**TASK OBJECTIVE:** Nothing but the images should be left out when the entries are restated word for word.

**DATA TO USE:**
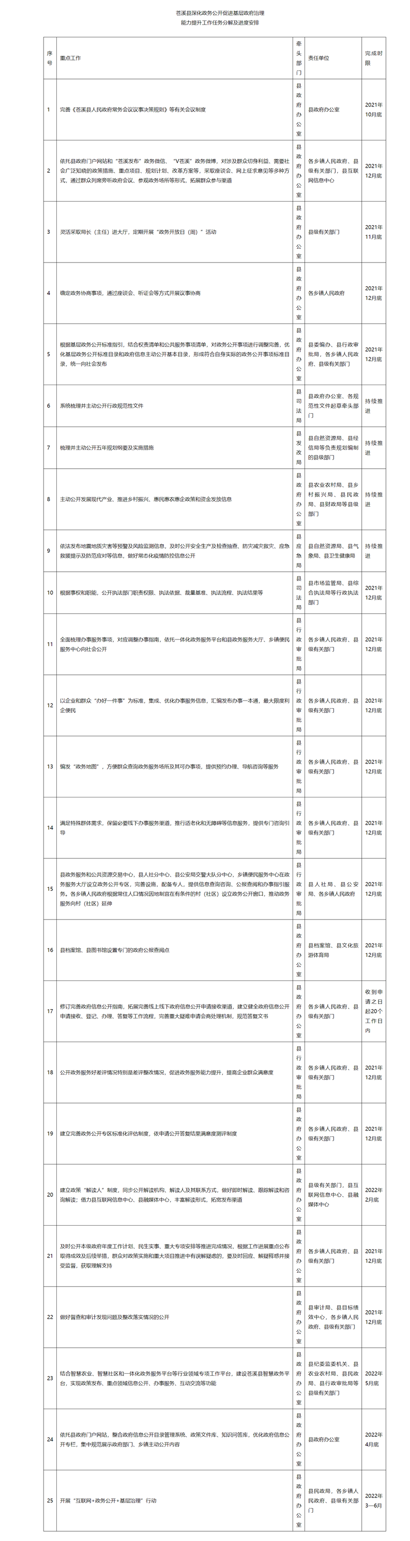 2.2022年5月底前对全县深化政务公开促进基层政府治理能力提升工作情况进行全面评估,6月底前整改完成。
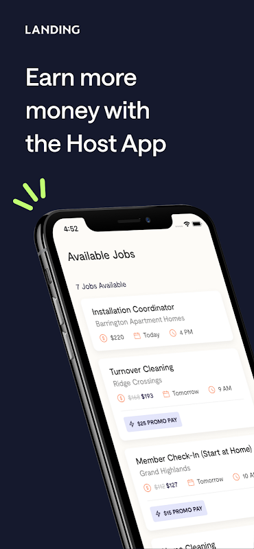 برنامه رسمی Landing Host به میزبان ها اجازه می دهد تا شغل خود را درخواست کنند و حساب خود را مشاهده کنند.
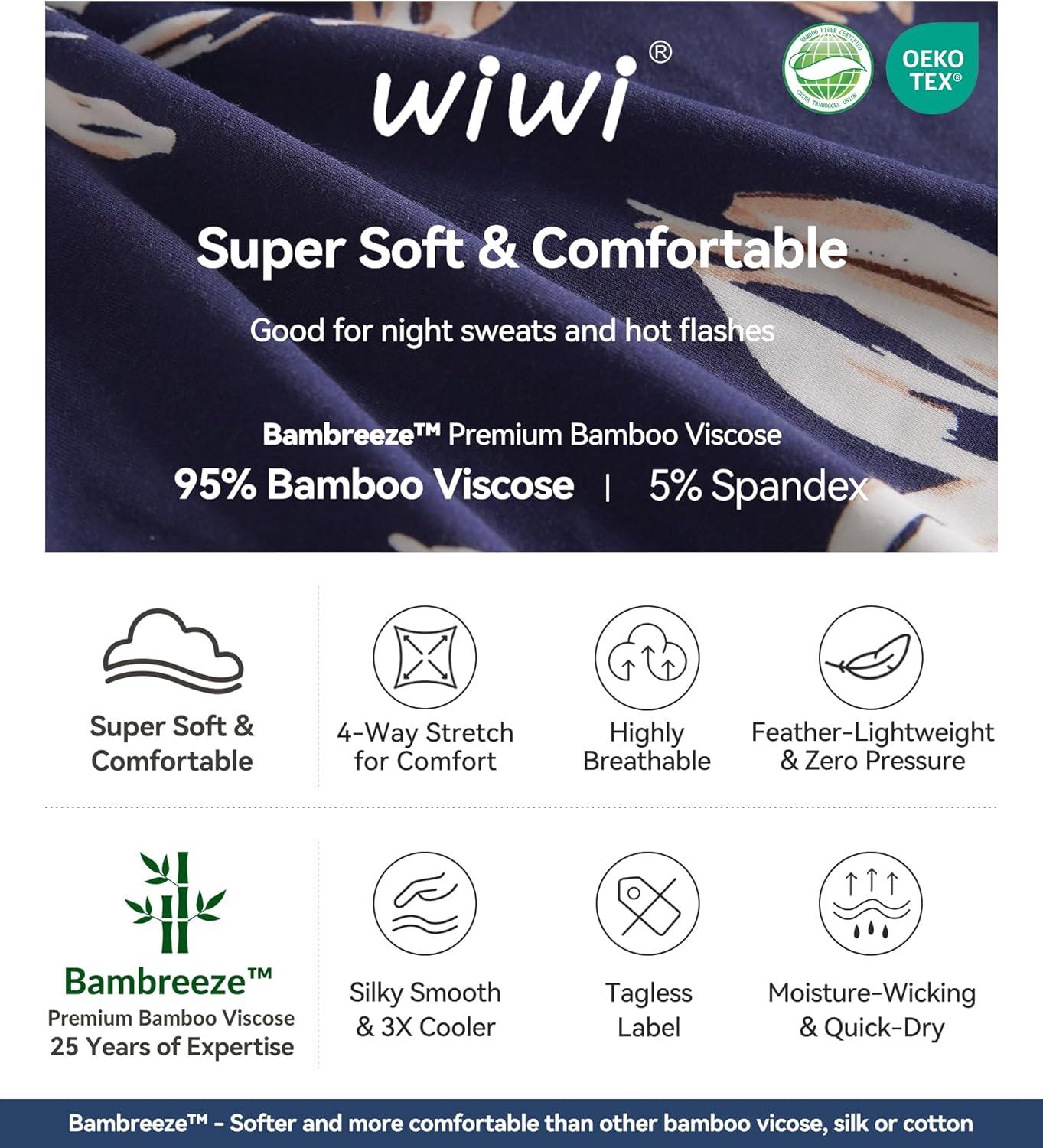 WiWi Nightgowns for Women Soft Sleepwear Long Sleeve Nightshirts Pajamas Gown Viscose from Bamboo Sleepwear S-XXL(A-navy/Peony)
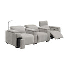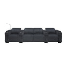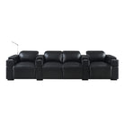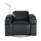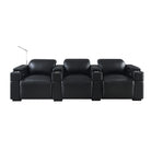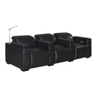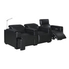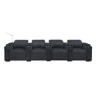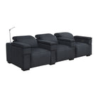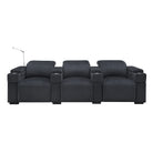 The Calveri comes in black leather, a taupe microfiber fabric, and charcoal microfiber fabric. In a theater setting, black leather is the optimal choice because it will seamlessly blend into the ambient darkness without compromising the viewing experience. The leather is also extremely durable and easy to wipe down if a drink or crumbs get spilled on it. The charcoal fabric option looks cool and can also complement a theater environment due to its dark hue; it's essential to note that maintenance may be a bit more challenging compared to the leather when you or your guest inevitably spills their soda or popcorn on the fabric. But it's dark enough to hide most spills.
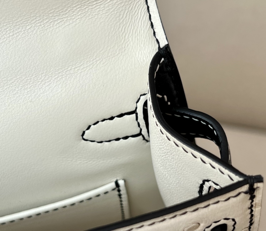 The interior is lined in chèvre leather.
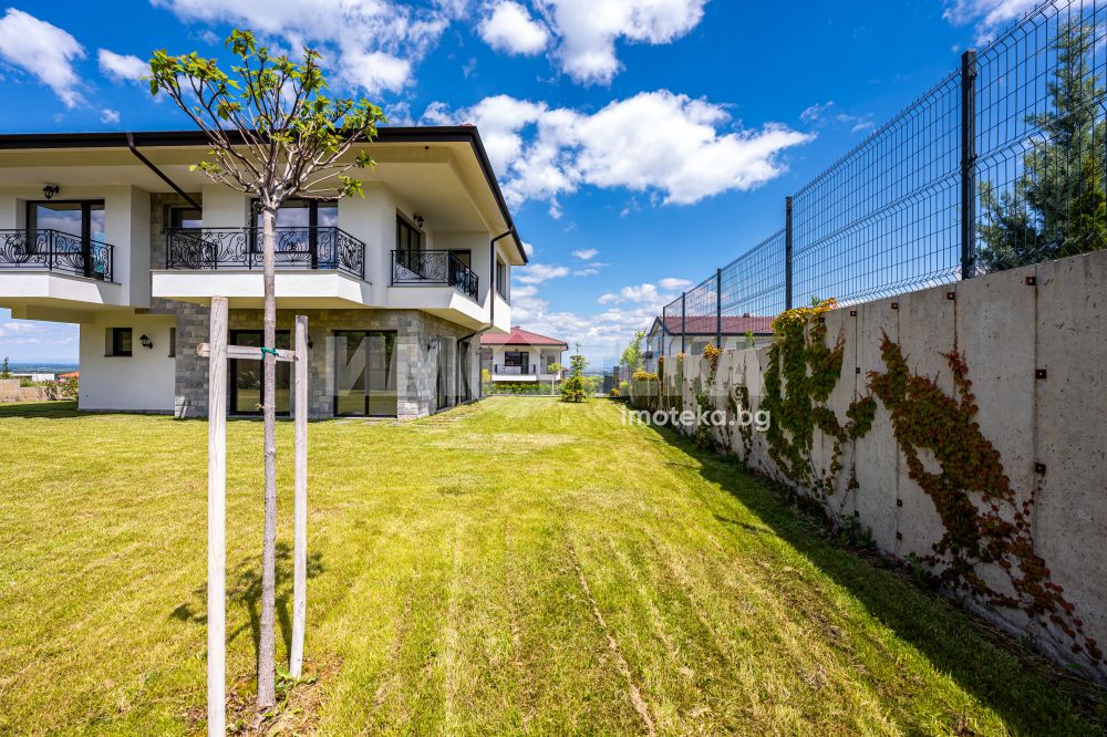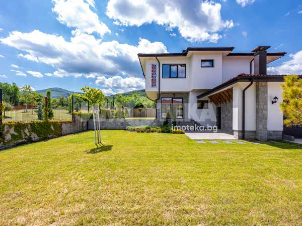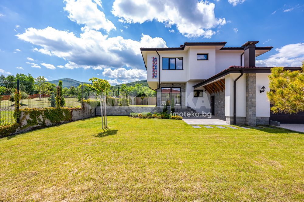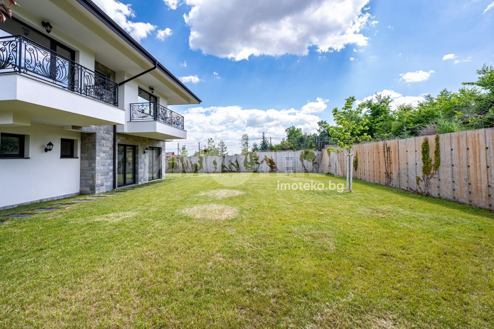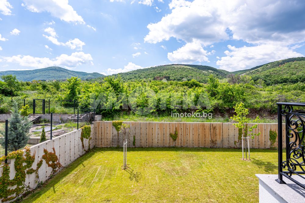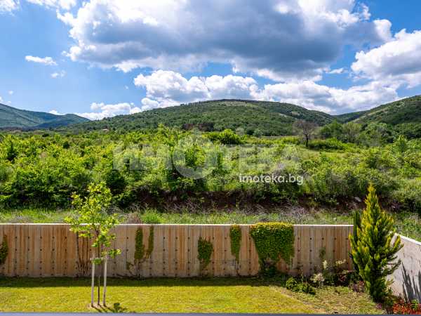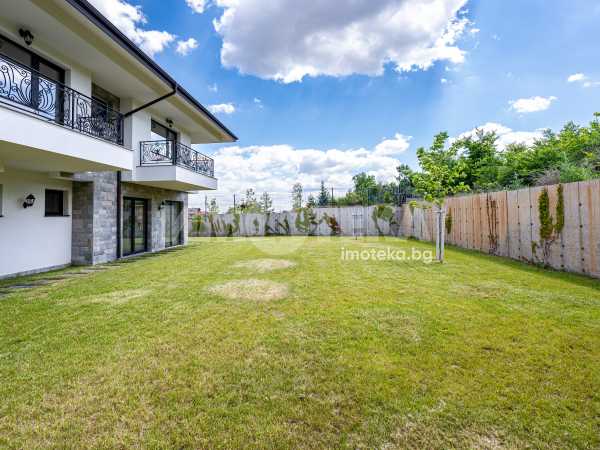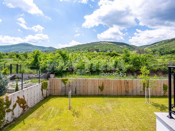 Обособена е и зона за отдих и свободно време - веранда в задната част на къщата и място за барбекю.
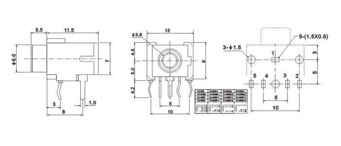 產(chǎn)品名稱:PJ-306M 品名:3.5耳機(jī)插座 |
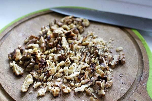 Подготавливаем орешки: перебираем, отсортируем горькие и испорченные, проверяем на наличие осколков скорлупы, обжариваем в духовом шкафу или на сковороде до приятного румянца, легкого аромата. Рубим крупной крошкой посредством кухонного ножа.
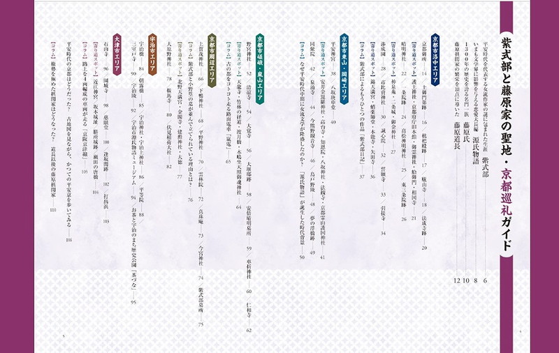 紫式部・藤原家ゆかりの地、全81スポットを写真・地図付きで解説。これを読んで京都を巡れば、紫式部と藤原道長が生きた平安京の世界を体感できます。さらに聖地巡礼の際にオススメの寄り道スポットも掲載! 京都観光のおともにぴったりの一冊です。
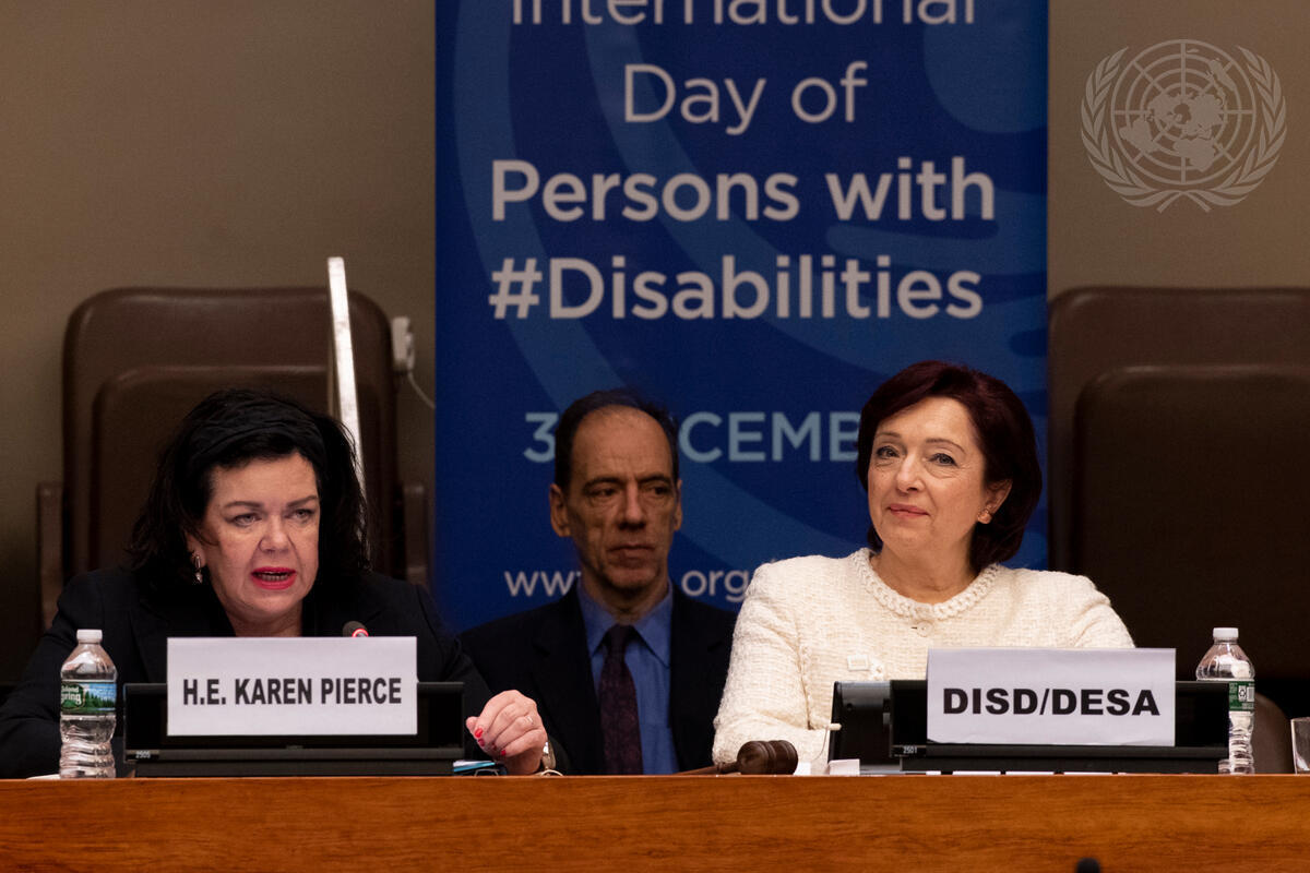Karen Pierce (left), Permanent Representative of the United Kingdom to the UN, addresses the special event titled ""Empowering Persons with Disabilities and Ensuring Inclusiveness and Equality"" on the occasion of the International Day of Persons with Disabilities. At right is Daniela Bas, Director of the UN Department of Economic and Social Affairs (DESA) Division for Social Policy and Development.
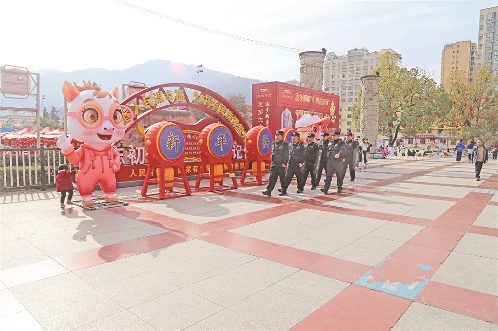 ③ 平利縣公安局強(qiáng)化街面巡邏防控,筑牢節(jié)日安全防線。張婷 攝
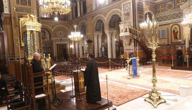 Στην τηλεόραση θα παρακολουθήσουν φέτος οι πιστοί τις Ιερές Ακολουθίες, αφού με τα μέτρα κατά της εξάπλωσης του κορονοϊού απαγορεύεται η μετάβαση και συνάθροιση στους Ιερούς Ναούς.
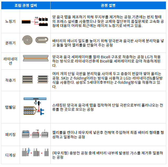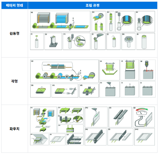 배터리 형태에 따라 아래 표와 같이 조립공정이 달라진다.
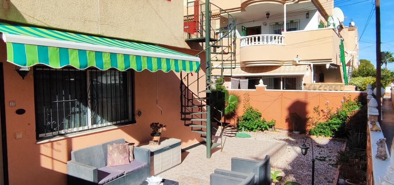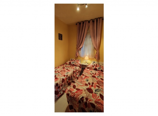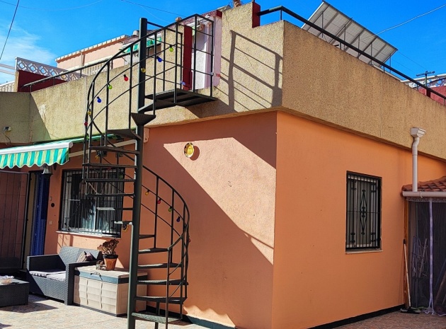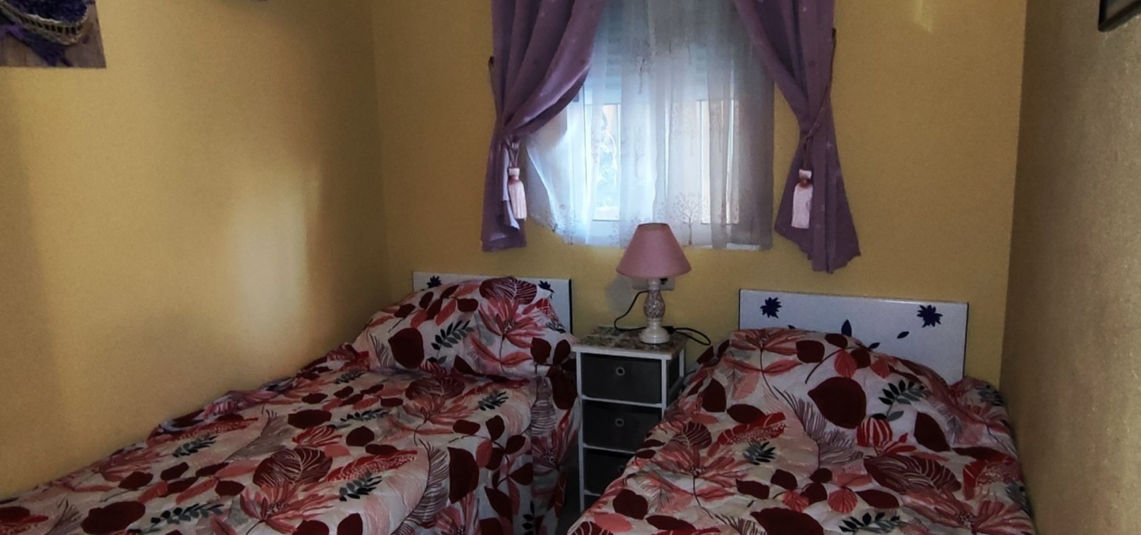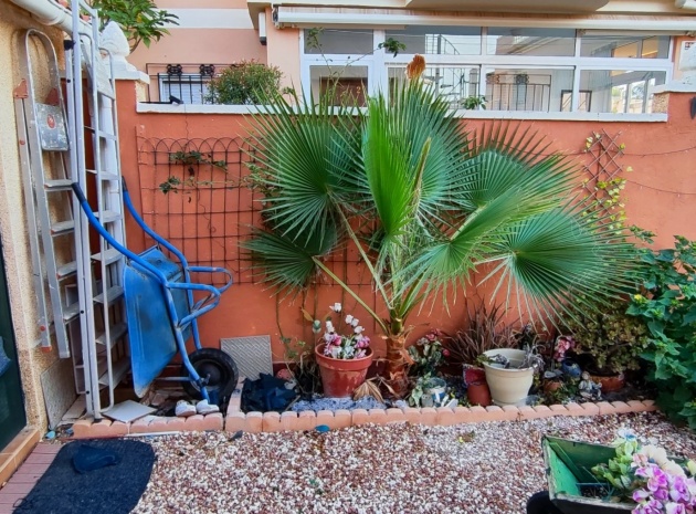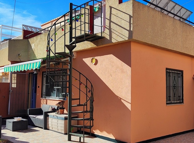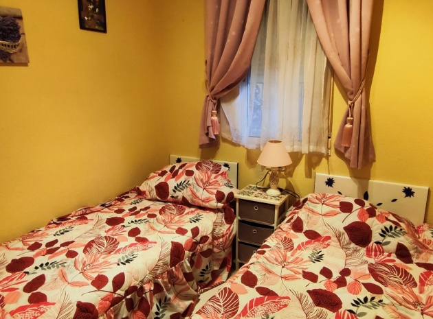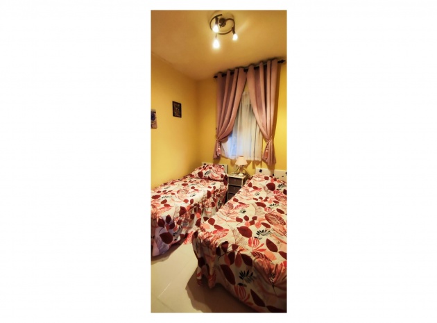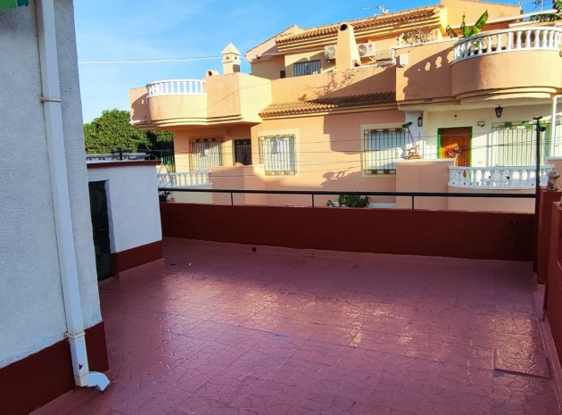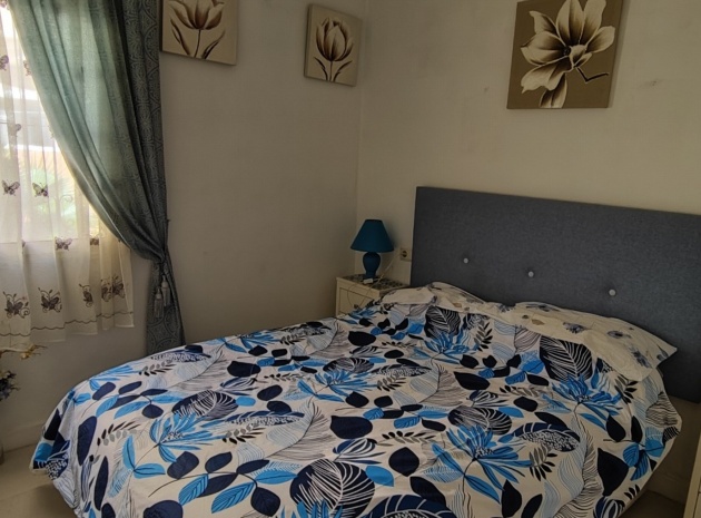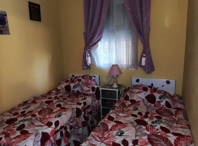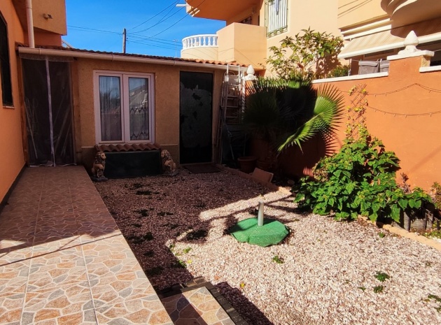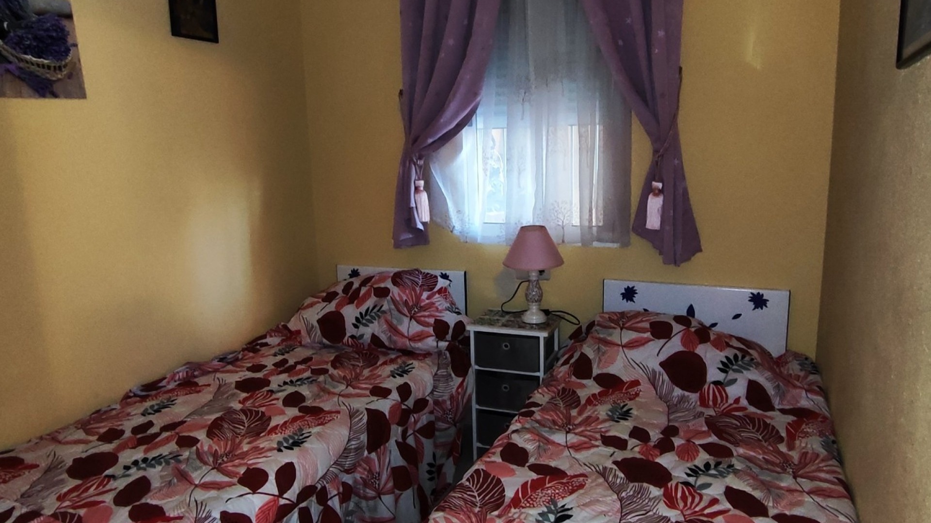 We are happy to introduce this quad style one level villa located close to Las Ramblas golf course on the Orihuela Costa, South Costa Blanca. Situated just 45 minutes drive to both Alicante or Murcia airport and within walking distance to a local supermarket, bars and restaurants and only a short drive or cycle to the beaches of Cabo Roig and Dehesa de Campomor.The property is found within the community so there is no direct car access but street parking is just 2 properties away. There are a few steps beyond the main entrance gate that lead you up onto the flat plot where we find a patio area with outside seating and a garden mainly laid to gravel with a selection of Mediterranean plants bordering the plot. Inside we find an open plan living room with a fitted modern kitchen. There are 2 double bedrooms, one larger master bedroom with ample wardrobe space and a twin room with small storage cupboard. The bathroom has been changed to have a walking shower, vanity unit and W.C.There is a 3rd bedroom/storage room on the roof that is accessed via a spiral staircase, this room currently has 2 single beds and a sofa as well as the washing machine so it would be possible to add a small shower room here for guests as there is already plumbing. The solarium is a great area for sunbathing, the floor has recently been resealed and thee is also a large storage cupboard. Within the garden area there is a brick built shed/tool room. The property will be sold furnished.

**ANSWER SPACE:**
 2.2022年5月底前对全县深化政务公开促进基层政府治理能力提升工作情况进行全面评估,6月底前整改完成。
 برنامه رسمی Landing Host به میزبان ها اجازه می دهد تا شغل خود را درخواست کنند و حساب خود را مشاهده کنند.
 WiWi Nightgowns for Women Soft Sleepwear Long Sleeve Nightshirts Pajamas Gown Viscose from Bamboo Sleepwear S-XXL(A-navy/Peony)
 The Calveri comes in black leather, a taupe microfiber fabric, and charcoal microfiber fabric. In a theater setting, black leather is the optimal choice because it will seamlessly blend into the ambient darkness without compromising the viewing experience. The leather is also extremely durable and easy to wipe down if a drink or crumbs get spilled on it. The charcoal fabric option looks cool and can also complement a theater environment due to its dark hue; it's essential to note that maintenance may be a bit more challenging compared to the leather when you or your guest inevitably spills their soda or popcorn on the fabric. But it's dark enough to hide most spills.
 The interior is lined in chèvre leather.
 Обособена е и зона за отдих и свободно време - веранда в задната част на къщата и място за барбекю.
 產(chǎn)品名稱:PJ-306M 品名:3.5耳機(jī)插座 |
 Подготавливаем орешки: перебираем, отсортируем горькие и испорченные, проверяем на наличие осколков скорлупы, обжариваем в духовом шкафу или на сковороде до приятного румянца, легкого аромата. Рубим крупной крошкой посредством кухонного ножа.
 紫式部・藤原家ゆかりの地、全81スポットを写真・地図付きで解説。これを読んで京都を巡れば、紫式部と藤原道長が生きた平安京の世界を体感できます。さらに聖地巡礼の際にオススメの寄り道スポットも掲載! 京都観光のおともにぴったりの一冊です。
Karen Pierce (left), Permanent Representative of the United Kingdom to the UN, addresses the special event titled ""Empowering Persons with Disabilities and Ensuring Inclusiveness and Equality"" on the occasion of the International Day of Persons with Disabilities. At right is Daniela Bas, Director of the UN Department of Economic and Social Affairs (DESA) Division for Social Policy and Development.
 ③ 平利縣公安局強(qiáng)化街面巡邏防控,筑牢節(jié)日安全防線。張婷 攝
 Στην τηλεόραση θα παρακολουθήσουν φέτος οι πιστοί τις Ιερές Ακολουθίες, αφού με τα μέτρα κατά της εξάπλωσης του κορονοϊού απαγορεύεται η μετάβαση και συνάθροιση στους Ιερούς Ναούς.
 배터리 형태에 따라 아래 표와 같이 조립공정이 달라진다.
 We are happy to introduce this quad style one level villa located close to Las Ramblas golf course on the Orihuela Costa, South Costa Blanca. Situated just 45 minutes drive to both Alicante or Murcia airport and within walking distance to a local supermarket, bars and restaurants and only a short drive or cycle to the beaches of Cabo Roig and Dehesa de Campomor.The property is found within the community so there is no direct car access but street parking is just 2 properties away. There are a few steps beyond the main entrance gate that lead you up onto the flat plot where we find a patio area with outside seating and a garden mainly laid to gravel with a selection of Mediterranean plants bordering the plot. Inside we find an open plan living room with a fitted modern kitchen. There are 2 double bedrooms, one larger master bedroom with ample wardrobe space and a twin room with small storage cupboard. The bathroom has been changed to have a walking shower, vanity unit and W.C.There is a 3rd bedroom/storage room on the roof that is accessed via a spiral staircase, this room currently has 2 single beds and a sofa as well as the washing machine so it would be possible to add a small shower room here for guests as there is already plumbing. The solarium is a great area for sunbathing, the floor has recently been resealed and thee is also a large storage cupboard. Within the garden area there is a brick built shed/tool room. The property will be sold furnished.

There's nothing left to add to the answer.